Fine-grained benchmark results and judge validation on EgoCoT-Bench

Figure 3. Fine-grained radar analysis and judge validation on EgoCoT-Bench.

Annotation Quality Assurance

To ensure correctness, egocentric relevance, and evidence-grounded reasoning quality, EgoCoT-Bench adopts a multi-stage annotation and review pipeline.
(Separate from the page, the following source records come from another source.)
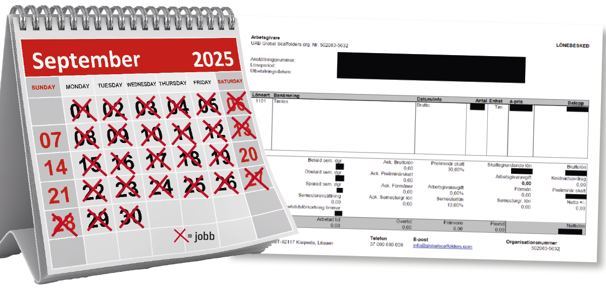 Han är en av hundratals litauiska arbetare som de senaste åren jobbat för ställningsjätten Global Scaffolders UAB i Sverige. Deras ställningsbyggare har varit inhyrda på alltifrån mindre husrenoveringar till jätteprojekt som Västlänken och Förbifart Stockholm och i stora industrier. Stegra, Oskarshamns kärnkraftverk, SSAB i Oxelösund och Mondi Dynäs i Kramfors är bara några.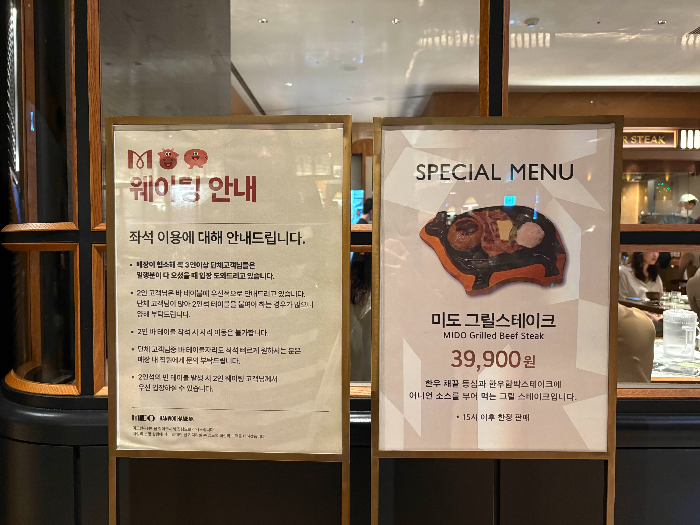 일찍 도착한 덕분에, 하우스오브신세계에서 가장 인기 많은 맛집 중 하나인 미도한우함박에 대기 없이 바로 입장할 수 있었어요. 오픈 시간 직후였는데도 금세 자리가 꽉 차더라고요.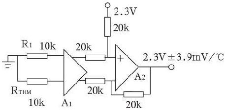 UC3909 內(nèi)部集成了具有鉛酸蓄電池溫度補償功能的電路如圖4 所示, A1 為電流/ 電壓轉(zhuǎn)換元件, 其輸入端分別接10 kΩ 普通電阻及10 k Ω 熱敏電阻。A2 與外接四個20 kΩ 電阻組成差動運算放大電路。RT HM 一般貼附在鉛酸蓄電池的表面殼體用于檢測其溫度, 當(dāng)鉛酸蓄電池內(nèi)部溫度變化時, 通過熱敏電阻RTHM 的反饋使U C3909 的基準(zhǔn)電壓2. 3 V 也隨溫度按- 3. 9 mV/℃ 的溫度系數(shù)變化。從而確保鉛酸蓄電池在浮充狀態(tài)下準(zhǔn)確工作于安全的浮充電壓, 保護了鉛酸蓄電池。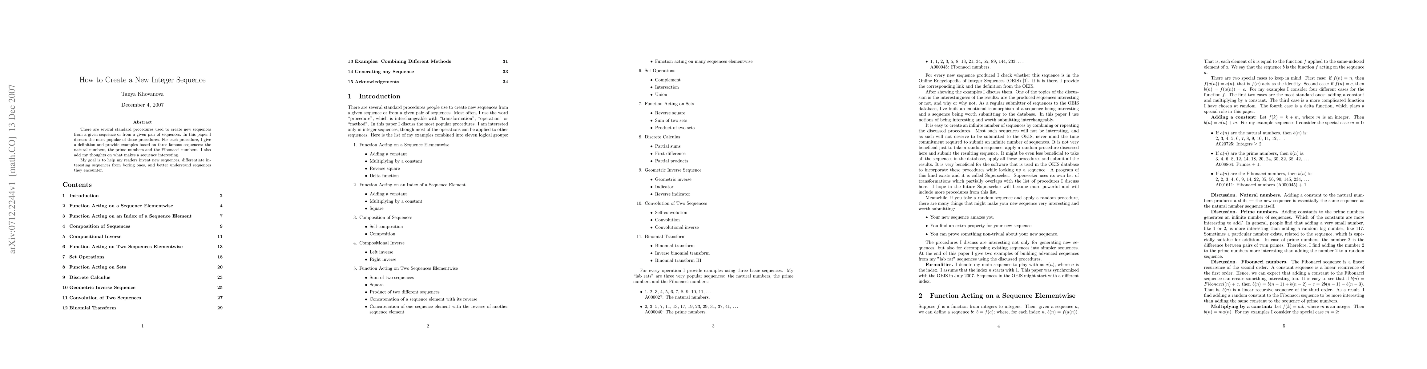 This paper discusses common procedures for creating new integer sequences, including examples from famous sequences like natural numbers, prime numbers, and Fibonacci numbers. It aims to help readers invent new sequences, identify interesting ones, and better understand existing sequences.

This section reports quantitative statistics for candidate filtering, rejection reasons, agreement, and final quality control.

Initial Candidates
4,300
STSG-guided candidate QA samples before screening
Final Accepted Samples
3,172
Released benchmark samples after full review
Overall Retention Rate
73.8%
Final accepted / initial candidates
Human Reviewers
4 + 1
4 annotators for screening, 1 lead reviewer for adjudication

Final Quality Control Summary

Overall, EgoCoT-Bench was finalized through a structured human-in-the-loop review process that filters out ambiguous, weakly grounded, or low-quality samples. The released benchmark prioritizes answer correctness, egocentric relevance, temporal and spatial grounding fidelity, and rationale verifiability.